25:  Felt fairly decent out, but still had to bust out the gun show for this one.  Shirtless:  that’s right boys 3 for 3 legs sans shirt.  Start time was about 4:00 am so I had to wear a dang reflective vest thing again.  The one I had really accentuated my nips though*.  3 roadkills.  This one wasn’t too bad.  Steep hill to finish and it was hard* but mainly b/c I was completely lacking sleep and my pipes were 100% rattled.  4’ish miles.  Legs are shot.  Pass it on to Powder and I’m out.  No mas.
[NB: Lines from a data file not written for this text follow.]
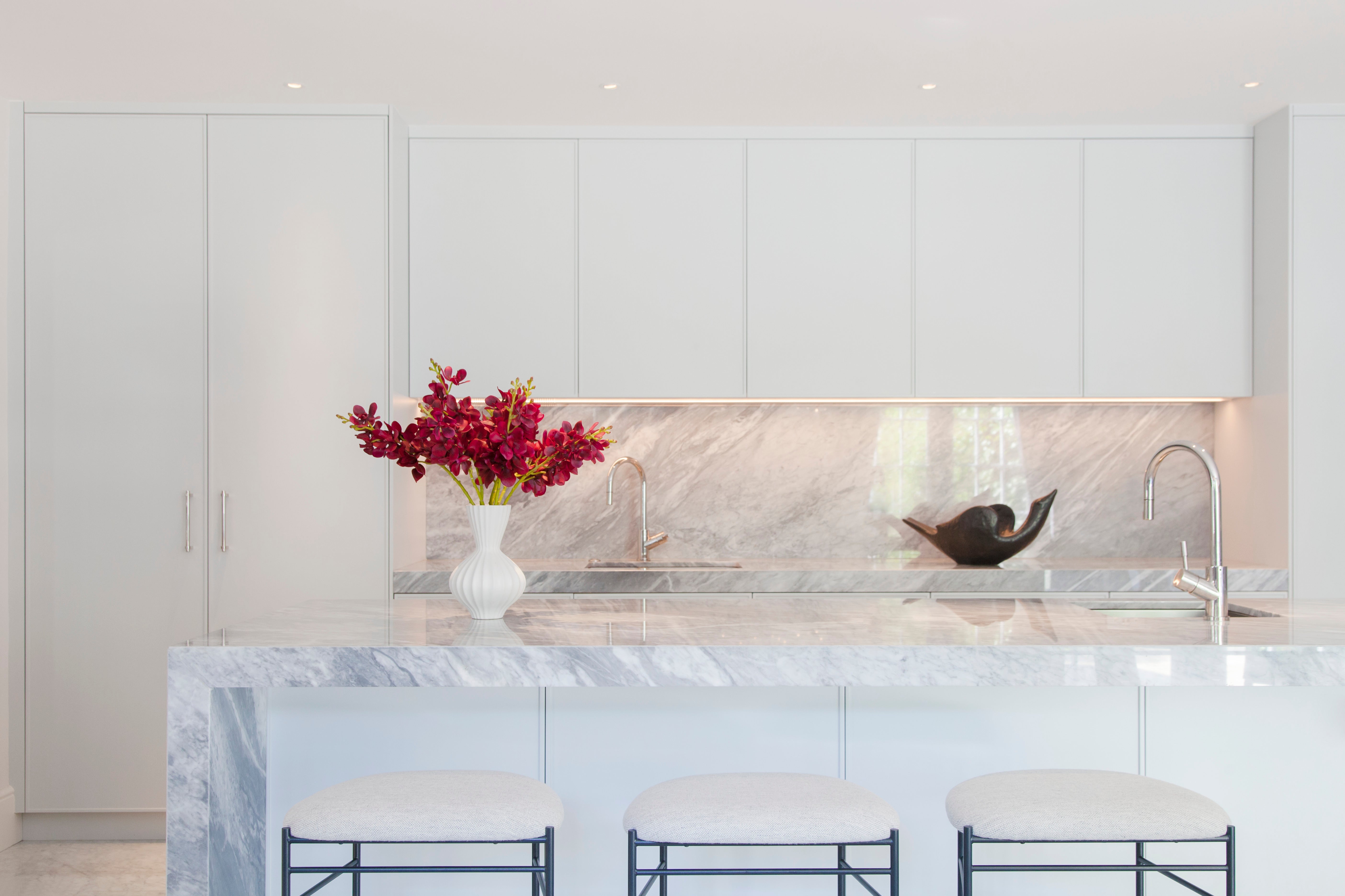 Reflecting both contemporary sophistication and subtle Nigerian influences, Callender Howorth crafted each room as a statement of warmth and hospitality. The entryway sets the tone with Arabescato marble floors, accented by dark grey trims that frame the space with perfection. Overhead, a custom glass chandelier dazzles, its colours inspired by a prominent artwork on the mezzanine, casting a warm and inviting glow throughout. This signature fixture, developed in collaboration with a specialist glass-blowing workshop, brings an exquisite handcrafted element to the home, seamlessly tying together colour, form, and lighting.
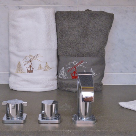 Mantenete l'autenticità del vostro arredamento di montagna con il telo da doccia bianco e il suo ricamo a tema montagna disegno funivia
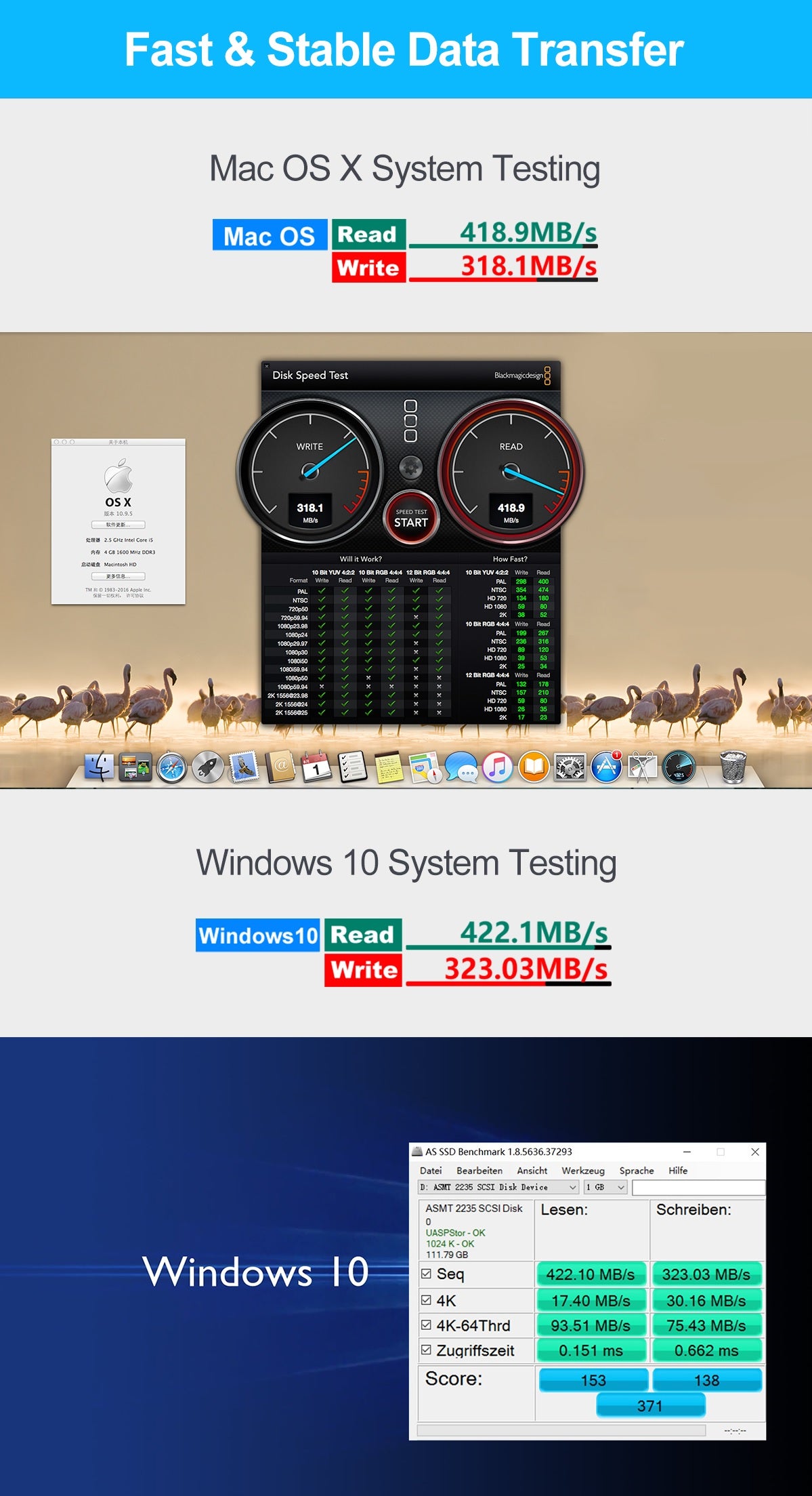 - Support UASP and TRIM, maximise the data transfer speed and lifespan of SSD.
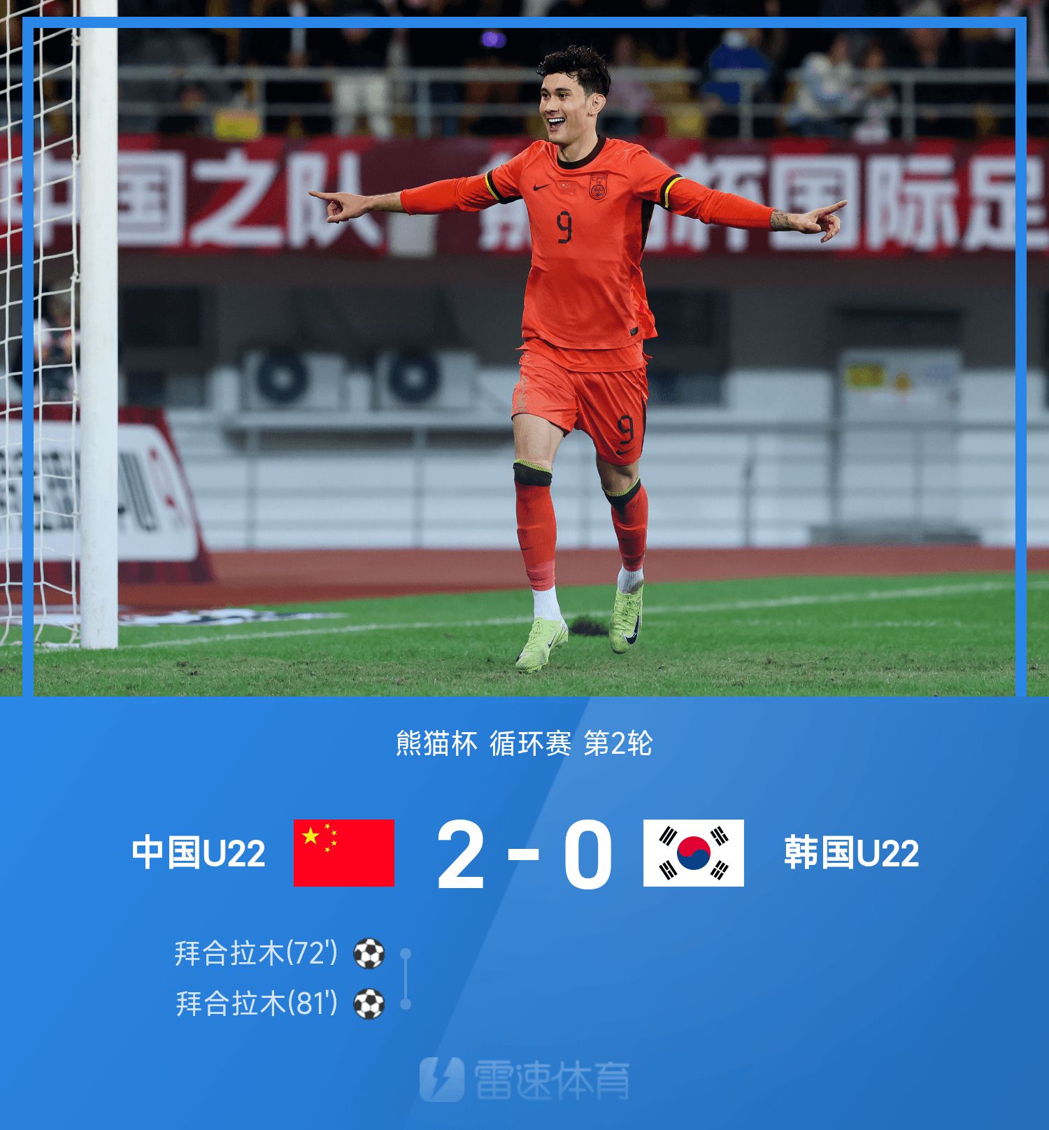 6686体育官网11月15日讯 25赛季熊猫杯循环赛第2轮,中国U22对阵韩国U22。上半场,徐彬倒脚差错险些送礼,金容鹤错失良机;下半场,李镇全进球被吹越位在先,拜合拉木先是低射打破僵局,随后又脚后跟破门完成梅开二度。最终,中国U22 2-0完胜韩国U22。
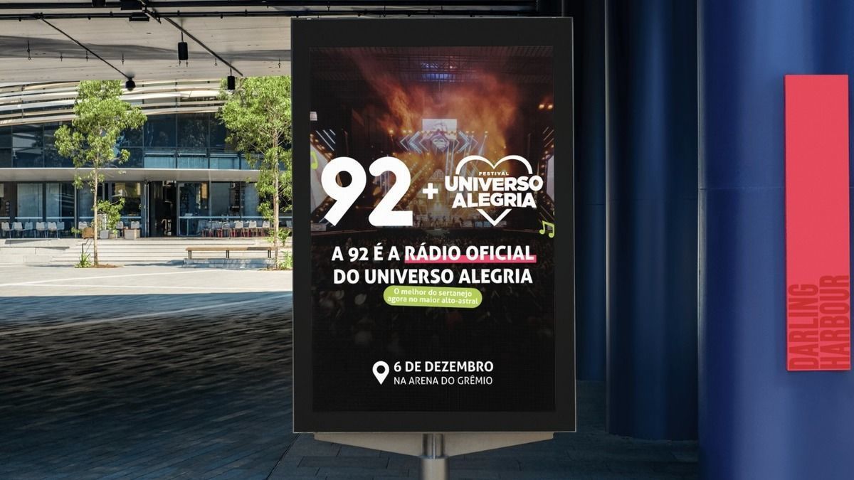 A rádio 92 é o veículo de Comunicação oficial do 'Universo Alegria', festival de música sertaneja, que será realizado em 6 de dezembro, na Arena do Grêmio (Avenida Padre Leopoldo Brentano, 110, bairro Farrapos), em Porto Alegre. Com a parceria, a emissora tem o objetivo de estar mais próxima do público do evento, principalmente no anúncio das atrações deste ano.
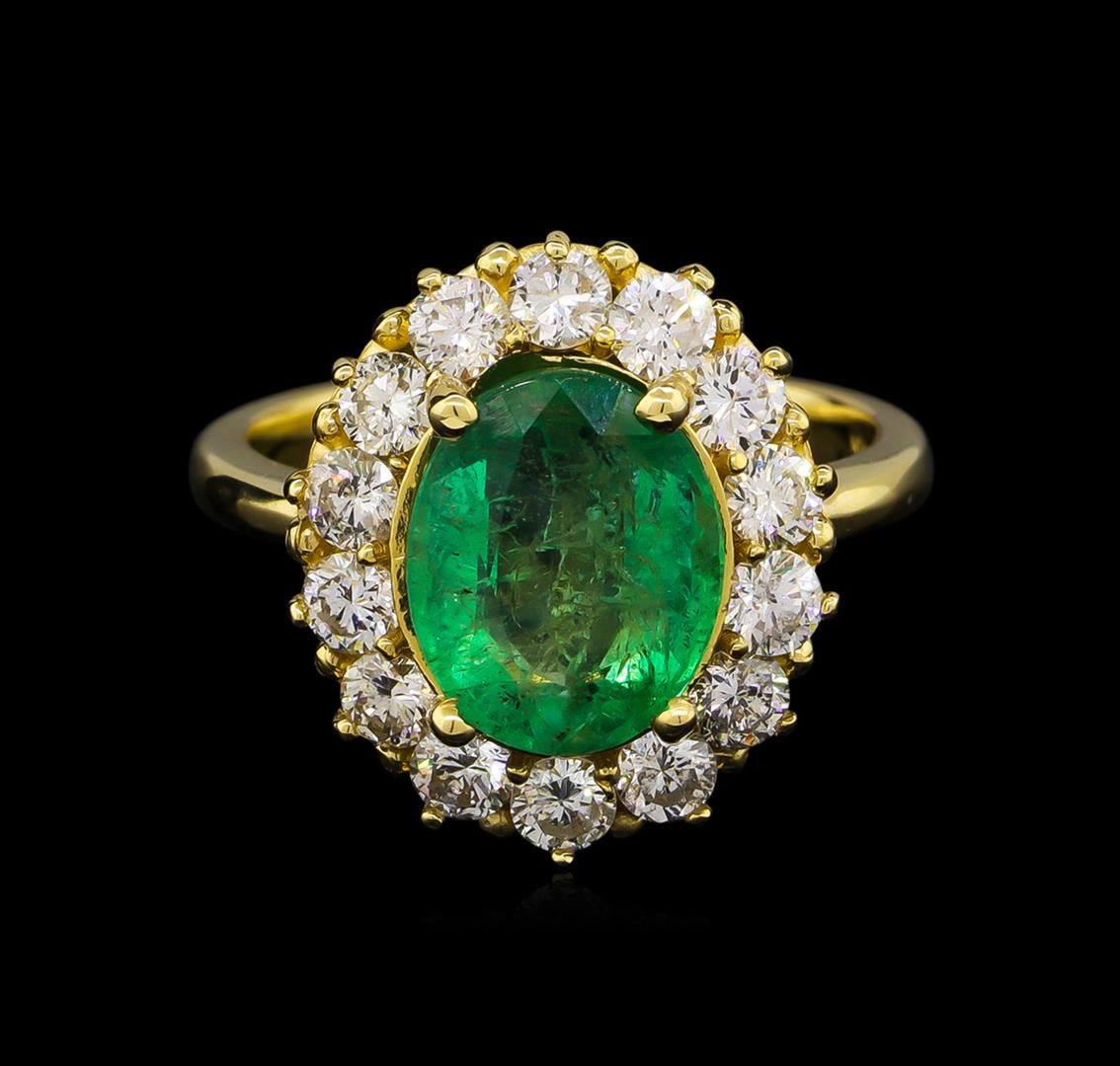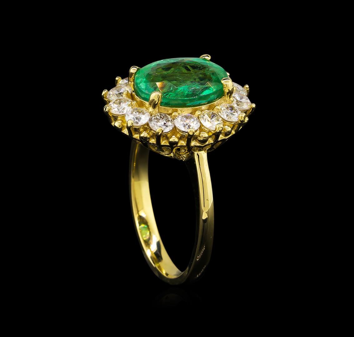 One electronically tested 14KT yellow gold ladies cast emerald and diamond ring with a bright polish finish. Condition is new, good workmanship. The featured emerald is set within a diamond bezel supported by tapering shoulders, completed by a two and one-half millimeter wide band. Identified with markings of "K14". Containing: One prong set oval mixed cut natural emerald, measuring 10.45 x 8.40 x 5.25mm, 6% bulge factor, approximate weight of 2.69ct, clarity is heavily included, type III, medium dark, very slightly grayish, very slightly bluish green color, (GIA vslbG 6/3), cut is good. Transmitting light with a minimum of distortion, transparent. Naturally occurring internal & external characteristics are present. Indications of oil residue. Graded in the setting. Fourteen prong set round brilliant cut diamonds, measuring 2.90 - 2.80 x 1.71mm (depth est.) approximate total weight of 14 Stones = 1.28ct. Graded in the setting. Clarity SI-1 to SI-2 Color G - I Total Weight of Colored Stones 2.69ct. Total Weight of Diamonds 1.28ct. Total Weight of Ring 5.52 grams. AIG Appraised at $6,535.00.
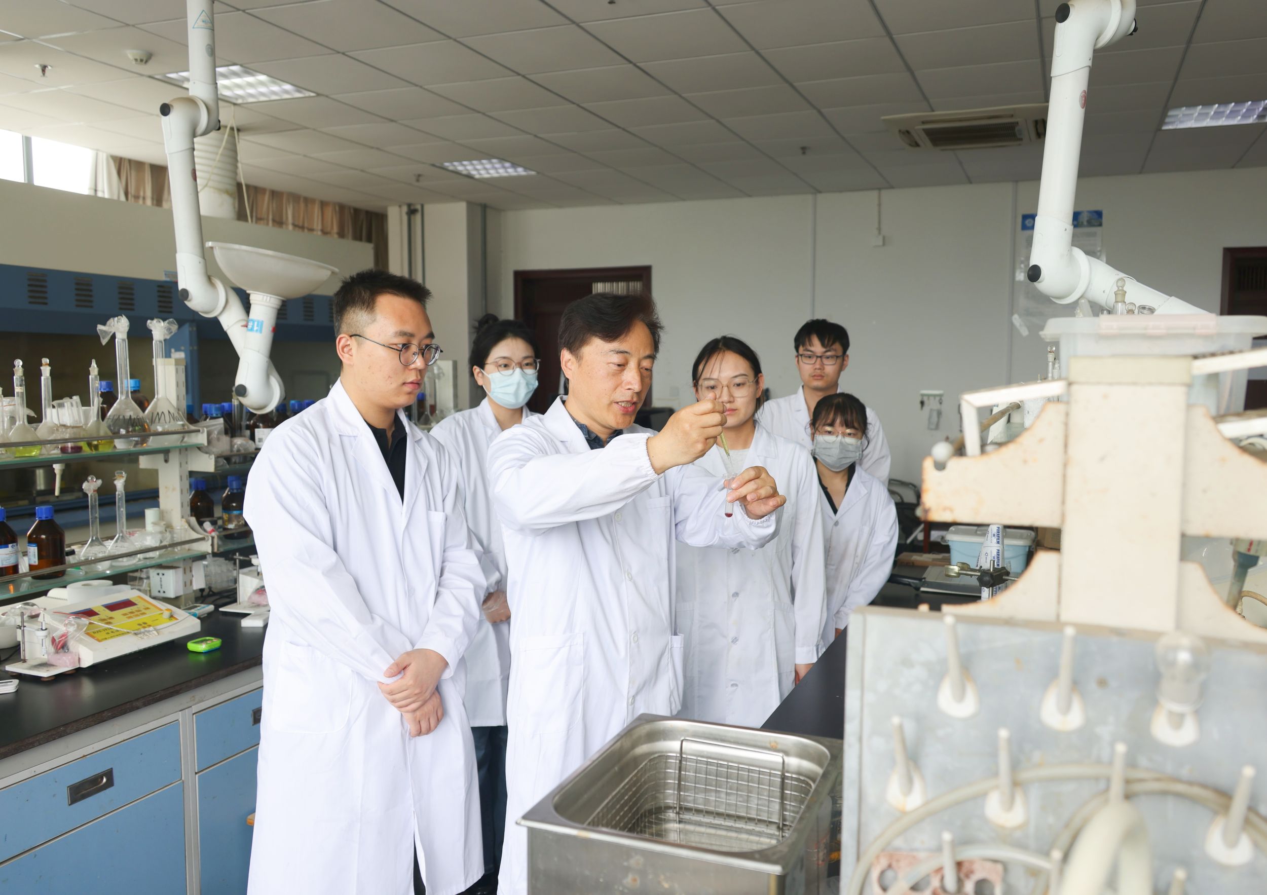 目前,倪永红担任无机化学硕士点负责人,积极开展学术交流活动,并主动为年轻教师的成长提供帮助。“我就是这样成长起来的,对于年轻人的‘传帮带’是我的分内之事。”此外,他还积极参与化学国家级实验教学示范中心、“功能分子固体”教育部重点实验室等平台的申报和建设;担任学院大型仪器中心首任主任,为学院科研发展做好服务。“自然科学的研究离不开先进仪器。在精密仪器的支撑下,我们才能搞清楚研究对象的构效关系。”倪永红如是说。2004年,化学与材料科学学院正处于起步阶段,各类实验器材都不是很完备。“当时学院的条件很艰苦,院长经常对大家说:‘勒紧裤腰带,我们每年增加一台仪器。’”为此,刚刚入职师大的倪永红每两周都会带领学生,前往南京、合肥等多地进行样品表征与性能测试。”如今我们师大发展越来越好,现在的实验设备已经处于较为先进的水平。”倪永红欣慰地说。坚守一线教学二十载,致力于学科建设发展,倪永红牢牢接过师大前辈手中的接力棒,正在努力传好下一棒。
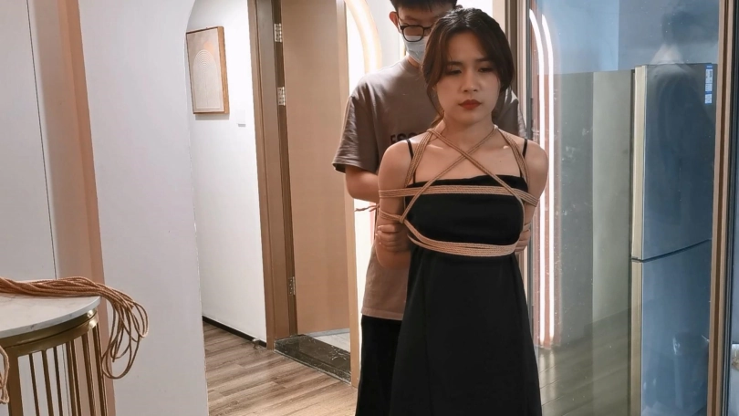 圈里好久不见的葡萄,这次绑的是日式紧缚,然后跪着吊在栏杆上,这么直直的跪着让模特很难受,只剩下无助的挣扎了。
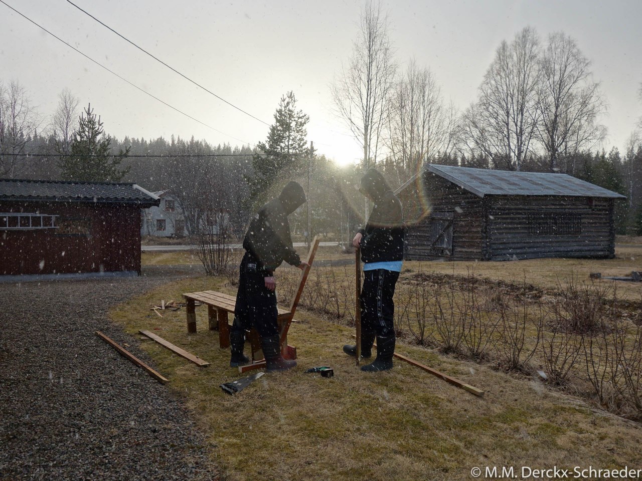 Og da blir det skapet en benk fra tre fra en liten uthus, som vi fjernet tideligere:
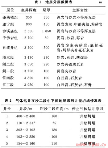 九龍山構(gòu)造區(qū)域?qū)儆诖ū臂晗輲е袎巍⒕琵埳奖睎|向構(gòu)造群,米倉山山前帶南部。西北緊鄰龍門山推覆構(gòu)造帶,北部為米倉山臺緣隆起,東南與川中隆起帶相鄰。地層分層數(shù)據(jù)見表1。地層分層的數(shù)據(jù)表明,在于佛巖組與自流井組存在堅硬的礫巖層,其礫巖成分有石英、燧石和黃鐵礦等,研磨性強,可鉆性極差,將導(dǎo)致機械鉆速急劇降低,以龍17井為例,在千佛巖組2932~3036m井段,進尺共104m,消耗鉆頭11只,平均單只鉆頭進尺僅為9.5m,平均機械鉆速為0.85m/h。多個區(qū)塊的鉆井實踐表明[3~6],與其他鉆井技術(shù)相比,氣體鉆井的提速效果異常明顯。因此,九龍山構(gòu)造開發(fā)前期,在沙溪廟組廣泛開展氣體鉆井技術(shù),但是氣體鉆井雖然機械鉆速加快,但多口井卻出現(xiàn)井壁坍塌,使井況更加復(fù)雜(表2),且由氣體鉆井轉(zhuǎn)換為常規(guī)鉆井后,下部地層的機械鉆速降低明顯。若要在下部地層繼續(xù)安全快速鉆進,液體欠平衡鉆井可作為一種重要手段。
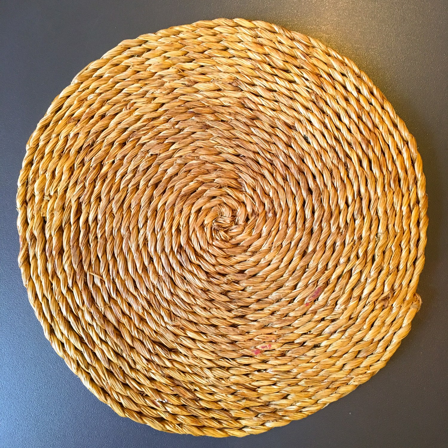 Dieser geflochtene Untersetzer ist einer von zweien, die ich irgendwann in den 1980er Jahren von einer gemeinsamen Reise mit meiner Mutter aus Afrika mitgebracht habe.

Now I gets to chill and watch my boys tear off like bats outta hell on their legs.  It was a good show.  In no particular order, here are some superlatives:

  • best ass:  Jordache
  • most cow bell:  Publix
  • says “Dude” at every other word:  Steam Engine
  • looks most like he’s running with a hair-sweater on even though he’s shirtless:  Beaker
  • most human like performance by a Cyborg:  Herniator
  • most references to Logjammers: Billy Jean (logjammerforlife)
  • looks like he is in agonizing pain while running:  Phlegm
  • closest call to shitting pants without shitting pants:  Cousin Eddie
  • pants ended up looking like they got shat in anyway:  Cousin Eddie
  • handed out 6 of the coolest shirts ever to his 12 teammates…wait whut?:  Short Sale
  • Woke up Cousin Eddie the most:  Powder
  • most resembled a cooked lobster while running:  Suppository
  • Hated their nickname the most:  Dead Beat

Other random stuff:

  • it was hot.  Really really hot.
  • people have zero regard for trying to let your boy sleep at Exchange Zones
  • it took approximately 0.4 legs completed before there was absolute nakedness on our team
    • and it wasn’t even me
  • I was already 1/2 naked
  • Hey Jack! team has been renamed to:  Hey Jack Me Hoff
  • Phlegm saved a dude’s life.  This is no joke.  Incredibly scary stuff out there.
    • Always have a doctor on your team or in both vans if you can swing it.
  • I’ve never been more sore in my whole life than after BRR
  • this was my 3rd relay for the year.  I’m cashed out.  2019 is going to be a bit less relay heavy.  I think.  TBD.
  • Still kinda curious about that Gomr race
    • But not enough to try it.  Gots other plans in the works.
      • Sorry Head Gomr.  No sorry.
        • Dude mocked us on the twitters and expected us to cave to his terrible junk talking and sign up for his race.
          • I have a nice big ole Bag of D_____ for you buddy
  • Proud to know all of you crazy runners
  • There’s a pax out there that argues that we should use our spending papers and go on a golf trip instead of torture ourselves.  My reply:  we can play golf in diapers and use carts to get around.  Until then, I’m running in stupid races.
  • See you on the road

Out,
C ED

*TWSS

**Is Carterico really the best name you guys could come up with?  Sounds like a character from a movie about East LA.